Room was clean, the staff that we dealt with when we stayed were top of the line, will definitely stay again if I fly out of Tulsa again
Having a shuttle is great and to be able to park your car in their parking lot while traveling is a big plus
The Hilton Garden Inn Promise to "make it right. Guaranteed." is less a guarantee and more a philosophical concept—something to be pondered, but never actually experienced.
My adventure began with a phantom hot tub, prominently featured in online photos but which staff claimed, with a straight face, never existed.
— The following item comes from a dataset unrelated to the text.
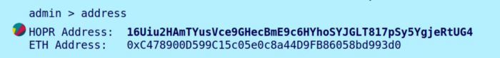 두 개의 어드레스가 나타납니다: 노드의 HOPR 어드레스의 마지막 다섯 글자와 폴리곤 어드레스 (화면상에는 ‘ETH 어드레스’라고 표시됩니다). 전체 HOPR 어드레스를 확인하려면 축약된 버전을 클릭해 확장합니다.

Note to management: your photographer has a spectacular imagination.
In the room, the bed had the structural integrity of a half-cooked lasagna, folding me nightly into a human taco. A staffer cheerfully admitted all mattresses were "pretty old." The décor was crime scene chic, complete with cracked tiles and a gouged bathroom door.
Staff interactions were a lottery. Getting a simple trash bag required finding the one employee who hadn't given up hope. At breakfast, my humble request for fries was met by a cook loudly proclaiming, "NO, I'm cooking BREAKFAST right now." Apparently, the potato has a strict morning schedule.
Individually, these are quirks. Combined, they create a truly memorable stay. I'll be permanently returning to the Home2 Suites across the street. I’d rather have fewer promises and a flat bed than a "guarantee" that's a bigger joke than the state of their mattresses.